Prijedor is “a laboratory of ethnic cleansing“. The population of the third largest city in the Republika Srpska was, before the war, approximately half Serb, half Bosniak. The VRS’s campaign of murder, expulsion, and detention in concentration camps reduced Prijedor’s Bosniak population by half. 14,000 people are estimated missing from the Prijedor Massacre, an act of genocide in the Bosnian War second only to Srebrenica. Today refugees and internally displaced persons are slowly returning to the region, making it an ethnically mixed community, unusual in post-war Bosnia, and making Prijedor, a city where war criminals and victims pass each other in the street each day, a laboratory of the living memory of the war in contemporary Bosnia.

I traveled to Prijedor with a colleague from BIRN to cover memorial events for victims of Omarska concentration camp and Hrastova Glavica, a mass grave where 130 Omarska inmates were shot and buried following the camp’s closing in August, 1992. Most of the people we spoke with were former detainees or relatives of detainees. Their stories were horrific: starvation, torture, beating and random executions, all at the hands of their Serb neighbors and friends who had joined the VRS at the outbreak of the conflict. Nermin, an employee of Izvor (an remembrance and reconciliation NGO in Prijedor) was in his uncle’s apartment in 1992 when 13 Serb policemen came to arrest his uncle. He knew several of them well: “we were in school together and would get a beer and hang out quite often. They did not look me the eyes that day, and would not answer me when I spoke to them”. His uncle and grandfather were detained and later shot.

The analyses of victims and returnees is also dismal. Most feel that there are two separate societies in Prijedor with two separate views of history and the war. “There is no life together”, Ms. Alibegović, whose husband was in Omarska, told us, “Everyone is nice, but when you say your last name, people change”. The divorce rate spiked following the war; marriages between Serbs and Bosniaks, once common in Prijedor, are unheard of today. Up the street from a mosque in central Prijedor a stand sells pictures of Radovan Karadžić and Ratko Mladić with “Serbian Heroes” printed above them. The owner of the stand became nervous when my colleague took a photo. “I don’t know if you’re one of us or one of them”, he said.

Inmates at Omarska Camp, 1992

Inmates at Omarska Camp, 1992

Ms. Alibegović told me that the Dayton accords allowed the division in the community to solidify: “In war you have to have a winner. The UN did not make a winner. Now nobody is wrong. There are only victims. No one is guilty.

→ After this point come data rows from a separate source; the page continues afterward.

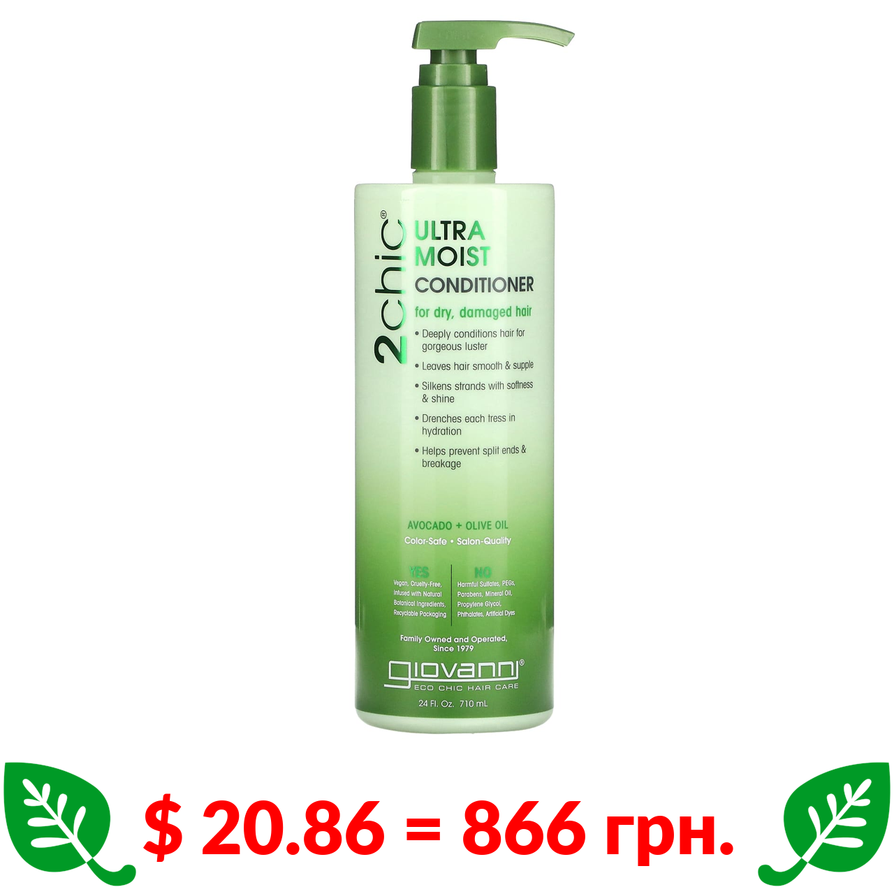 $ 20.86 = 866 грн. Giovanni, 2chic, Ультразволожуючий кондиціонер, для сухого, пошкодженого волосся, авокадо + оливкова олія, 24 рідких унції (710 мл)
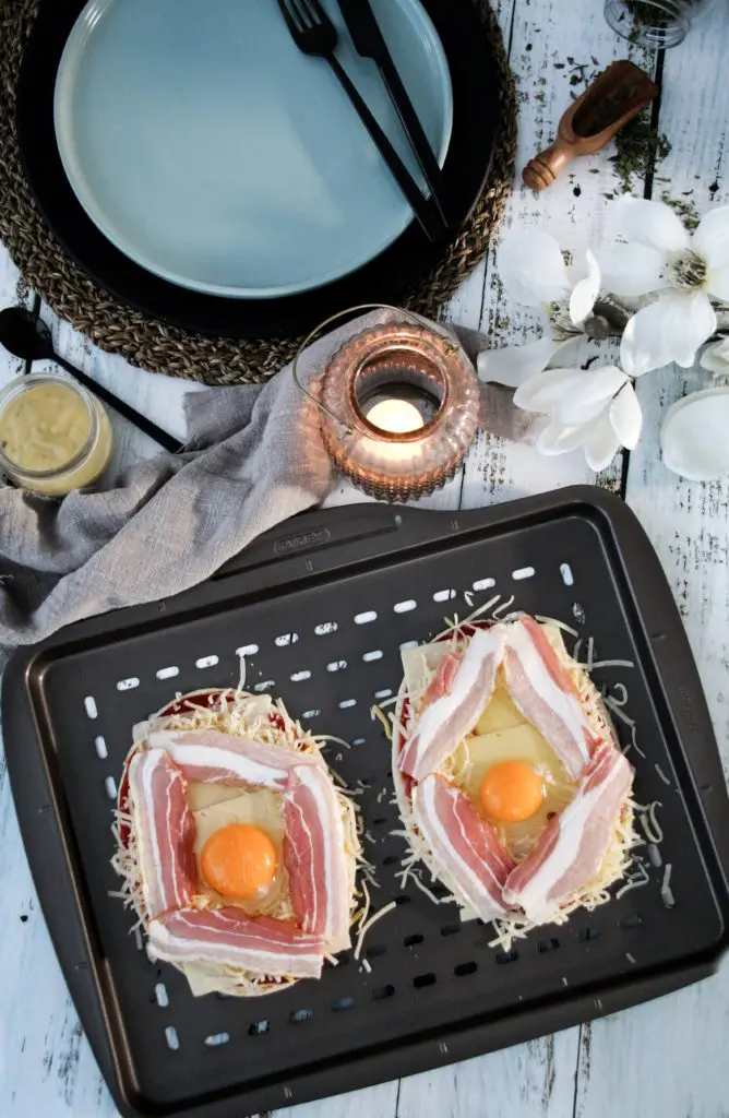 Svo raða ég beikoninu í kringum eggið ofan á ostinn og salta og pipra eggið í miðjunni. En nú áttið þið ykkur örugglega betur á þessu.
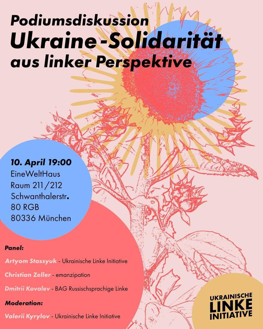 PodiumsdiskussionAm 10. April, um 19 Uhr, laden wir euch herzlich zu einer Podiumsdiskussion zum Thema Ukraine-Solidarität aus der linken Perspektive“ im EineWeltHaus, München ein!Gemeinsam mit ukrainischen, russischen und deutschen Panelist*innen werden wir über den aktuellen Stand des Krieges in der Ukraine diskutieren und erörtern, wie die deutsche Linke die Ukraine unterstützen kann.Die Diskussion wird von…

We are fighting the same fight, only without guns”. Even individual memories of the war have become sensitized and polarized by the divisions held in place by antagonistic narratives and political rhetoric. “My next door neighbor arrested me and sent me here”, a man at Omarska told me, “Today he calls me and invites me over for coffee. I cannot go. I cannot face him after what he and others did to me and our neighbors”. For Eldin, an inmate who escaped to England from Trnoplje, Prijedor is no longer his town: “I walk down my street and there are houses that international community has rebuilt. The street looks like it did before the war. But it is not the same. I cannot return. I have another life in England now. England is not my home, and Prijedor is not the same”.

Eldin said many refugees from Prijedor feel this way. Like many towns in post-war Bosnia, a poor economy and high unemployment makes returning to Prijedor unrealistic, and a disputed memory makes reconciliation and community near impossible. But many return. “This is my home and there is something special about that,” a kid my age told me. He lost his father and uncle at Hrastova Glavica, “I believe things can change in Bosnia; they have to”.